So, as some of you know, I currently live and grew up in a really small town and have never really lived in a city larger than Williams Lake, and even then I lived 5 minutes outside of town. Perhaps due to this reason, I still live in a small town with my 100lb dog Buster. My drive is just over an hour each way to school so if I have class at 9:30 in the morning, I have to leave by 8:00. It is also much more expensive in the long run as I pay rent in Enderby plus I generally put around 800km on my car every week.
To many of you this sounds crazy, but for me it just seems to make sense. The city honestly scares me. It is busy and crowded. I get stressed out just entering the city sometimes, to be completely honest, I get stressed just going to Walmart as there are so many people there and all in a hurry. The funny thing about this is that a lot of my friends from home feel the same way and those that have moved to cities said that it took them a long time to adjust.
Small towns in my opinion have so much going for them, especially if larger centers are easily accessible for shopping and cultural activities. There is a wealth of community feeling in small towns. I know most of my neighbors and even many strangers in the grocery store smile and say hi.
A while ago in class (September 27th) we talked about the Crisis of the 19th century and the reason for planning movements that attempted to ameliorate the conditions of the cities by introducing elements of the country. At that time the London slums were becoming a worry to the middle class. They were afraid that the poor members of these slums would rise up in revolution so they attempted to make living conditions better. Georg Simmel believed that the city caused over-stimulation and thus nervous exhaustion. There is also an idea of an intensification of urban stimuli where noise leads to feelings of indifference not caring about anything.
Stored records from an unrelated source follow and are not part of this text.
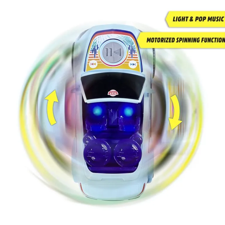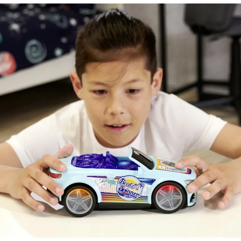Dickie Toys Mercedes-Benz E Class Beat Spinner (23,5 cm) er en selvkjørende lekebil fra STREETS N BEATZ-serien. Trykk på knappen for å få bilen til å snurre! Kjøretøyet kan utføre to forskjellige bevegelser: «Bump and Go» og «Spin Action». Det motoriserte kjøretøyet endrer automatisk retning når det treffer en gjenstand eller vegg.
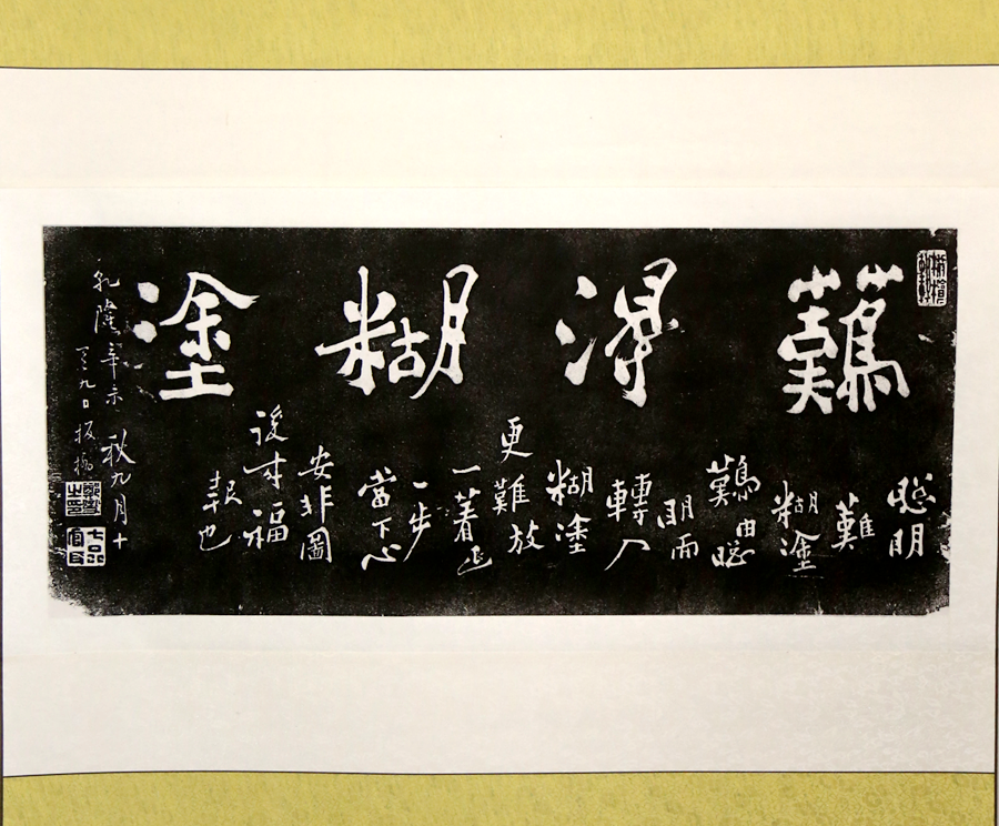鄭板橋“難得糊涂”石刻拓本條山。小字釋文:“聰明難,糊涂難,由聰明而轉(zhuǎn)入糊涂更難。放一著,退一步,當(dāng)下心安,非圖后來福報(bào)也。乾隆辛未秋九月十有九日,板橋!庇疑辖氢j“橄欖軒”朱文引首章,左下角鈐“鄭燮之印”、“七品官耳”朱文印。
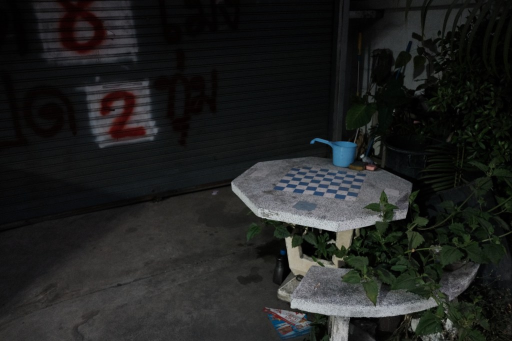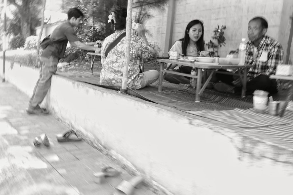 People sitting at a table in a street kitchen in Chiang Mai, Thailand.
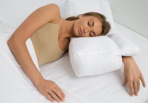 Sleep on your back or on the side that feels no pain. Placing a pair of pillows under the sore shoulder can also help.
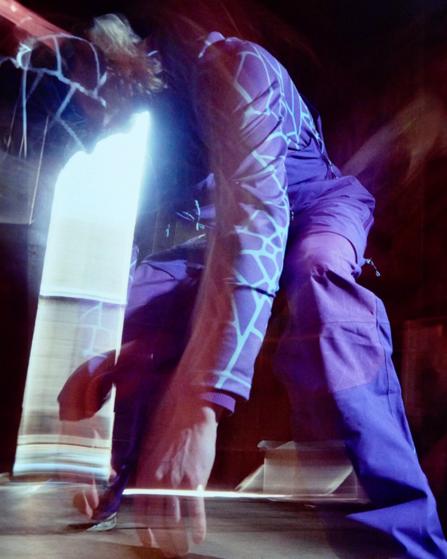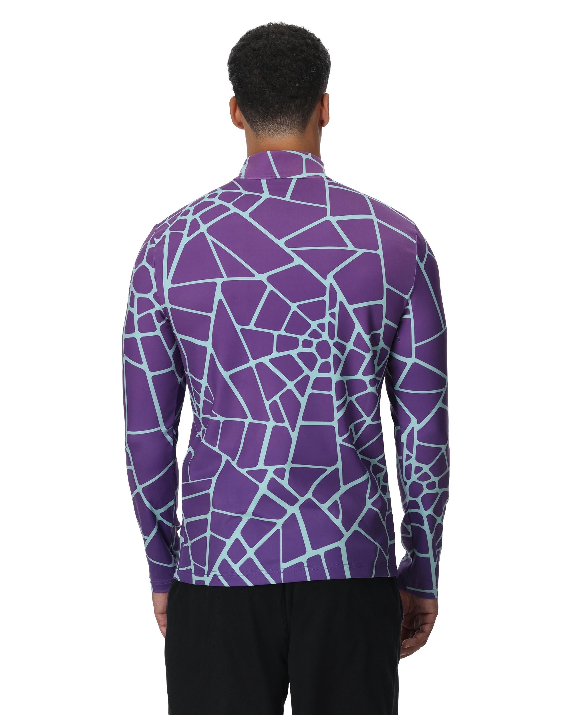 Man wearing a purple geometric patterned long-sleeve shirt on a white background
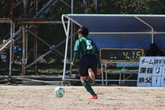 前半はお互い一進一退を繰り返しながらいい勝負をしていました。そして、フリーキックをもらい、そこからダイレクトにゴール!1点を獲得しました。
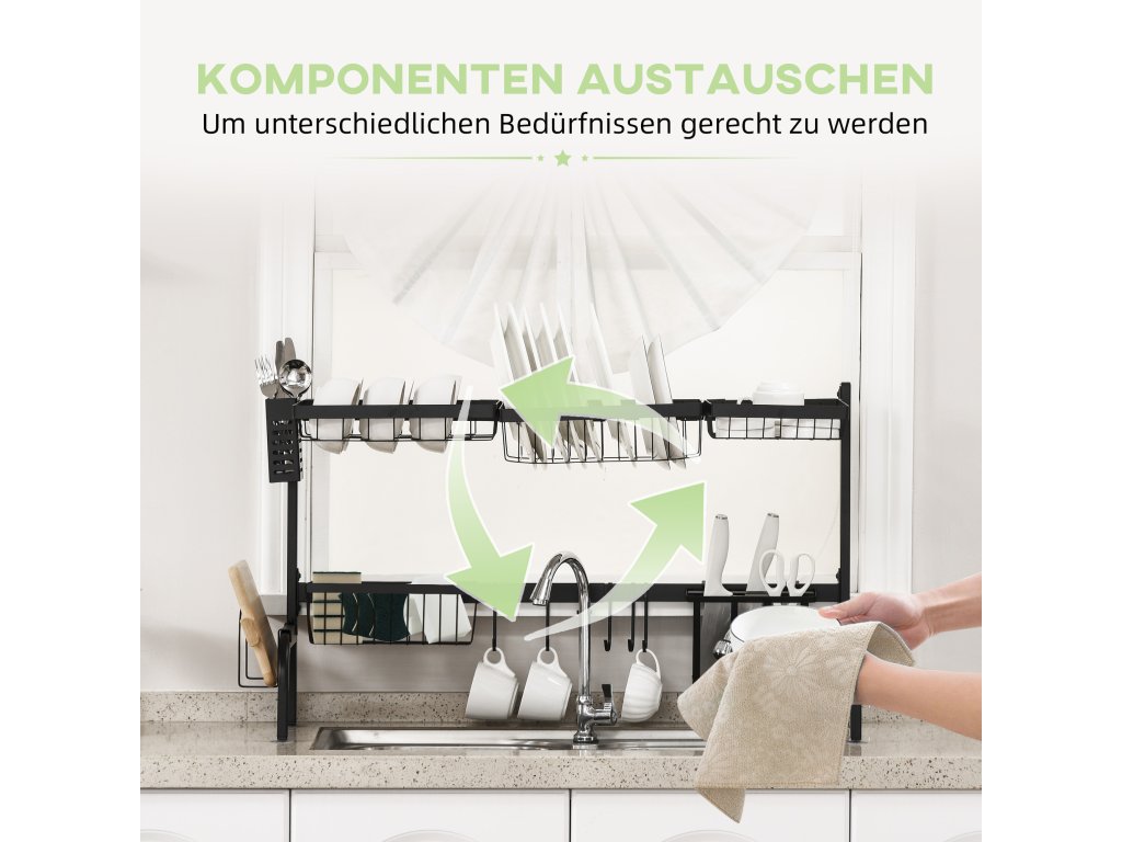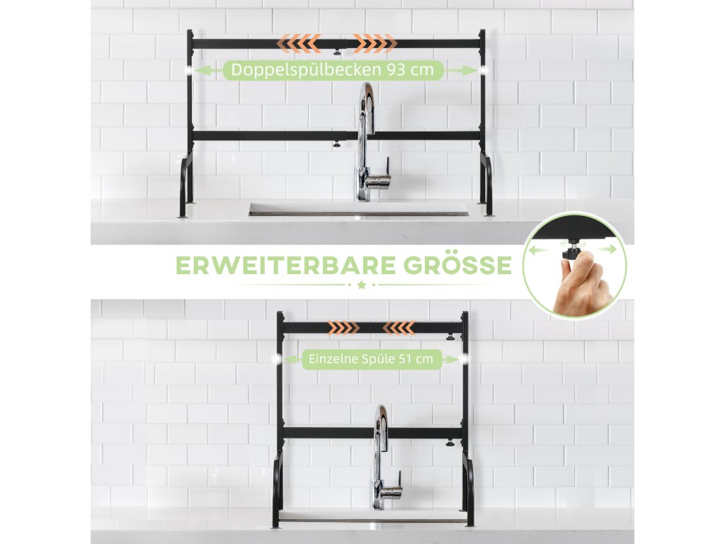 HOMCOM Dvoupatrový odkapávač na nádobí s háčkem a odkapávací plochou z oceli, černý 51-93 cm do kuchyně | Aosom.de
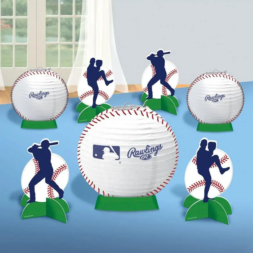Get your team in the mood to celebrate with the MLB Baseball Centerpiece Kit! First, assemble the three 3D MLB baseball centerpieces, which feature the official logos and classic red stitching. Next, assemble the four small silhouette centerpieces, showing players in action on the field. Everyone’s in the mood for the big game with these cardstock table decorations.
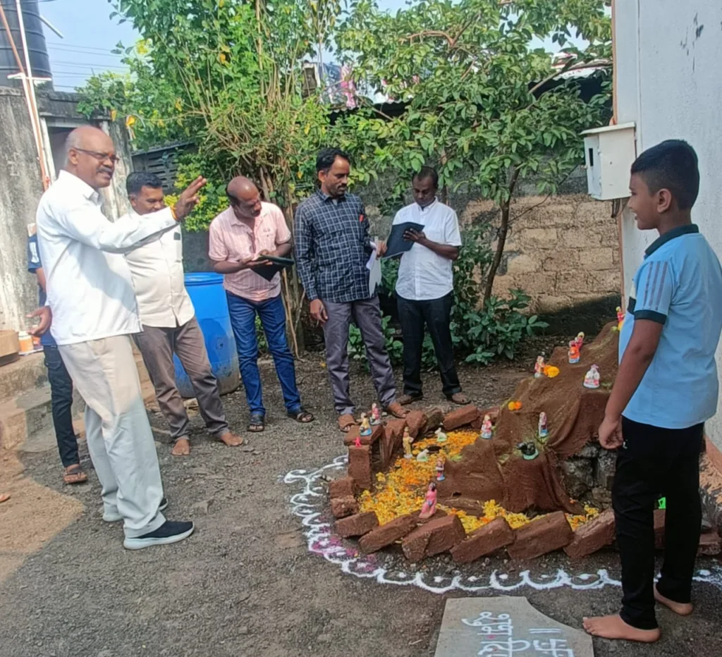 कराड : नांदगाव ता.कराड येथे कै.सौ.द्वारकाबाई सुकरे प्रतिष्ठान व मातोश्री सिंधुताई सुकरे स्मृतीमंच यांच्या वतीने यंदा सलग तिसऱ्या वर्षी भव्य किल्ला बनवा स्पर्धा आयोजित करण्यात आली आहे. यात १०० वर विद्यार्थ्यांनी सहभाग नोंदवला आहे.शनिवारी सकाळी या स्पर्धेच्या परिक्षणाला छत्रपती शिवाजी महाराज यांच्या प्रतिमेचे पुजन करुन व श्रीफळ वाढवून प्रारंभ करण्यात आला. यावेळी स्पर्धेचे संयोजक,परिक्षक व ग्रामस्थ मोठ्या संख्येने उपस्थित होते.
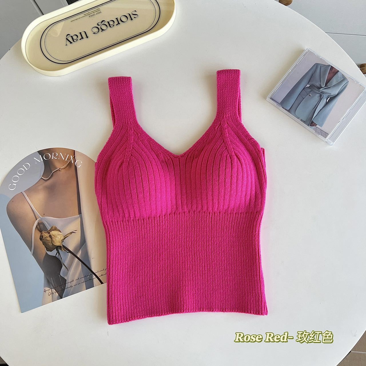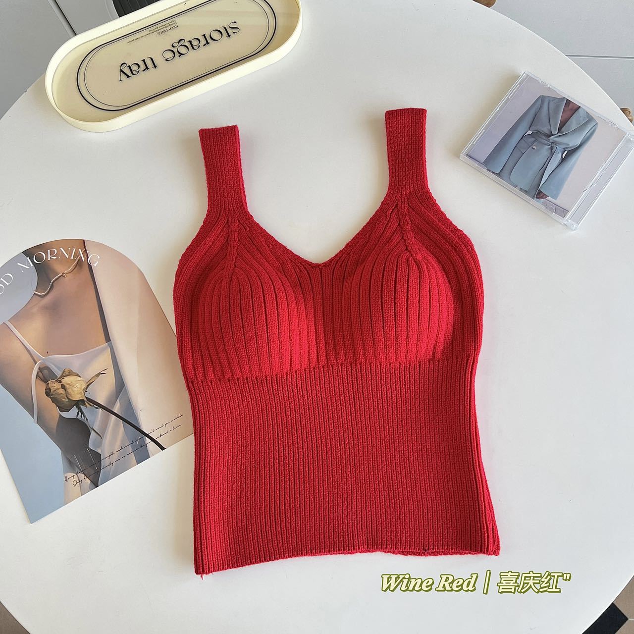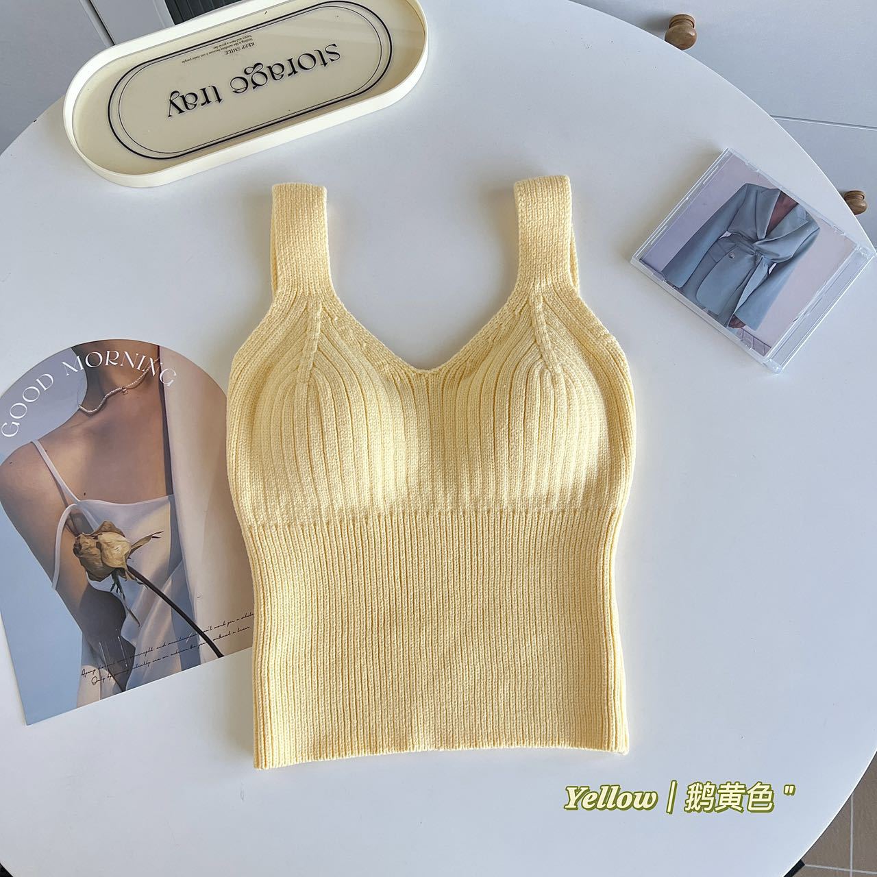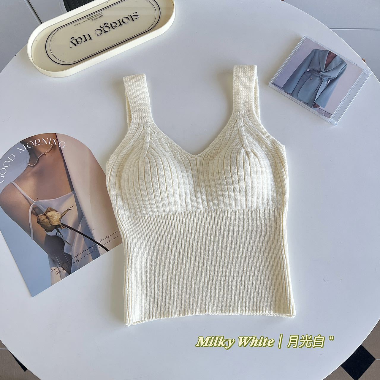 1881 # ニットストラップベスト女性は胸スーツの中に胸パッド付きの美背下着を着ている

Although in some ways the city has gotten so much better, it has also gotten worse in some ways. Cities have grown far larger than the cities of the 19th century and thus they have different sets of problems, including my personal nemesis, traffic! Planners of the 20th century have tried to address the sets of problems that stem from the sheer magnitude of cities, but to a person who has lived only in small towns; cities are still scary, loud, busy places that as Simmel says create nervous over-stimulation and exhaustion.
I know that there is a completely different viewpoint to this, and that life in a really small town is unthinkable to many who grew up exclusively in a city, or have grown accustomed to the society and culture that the city encompasses.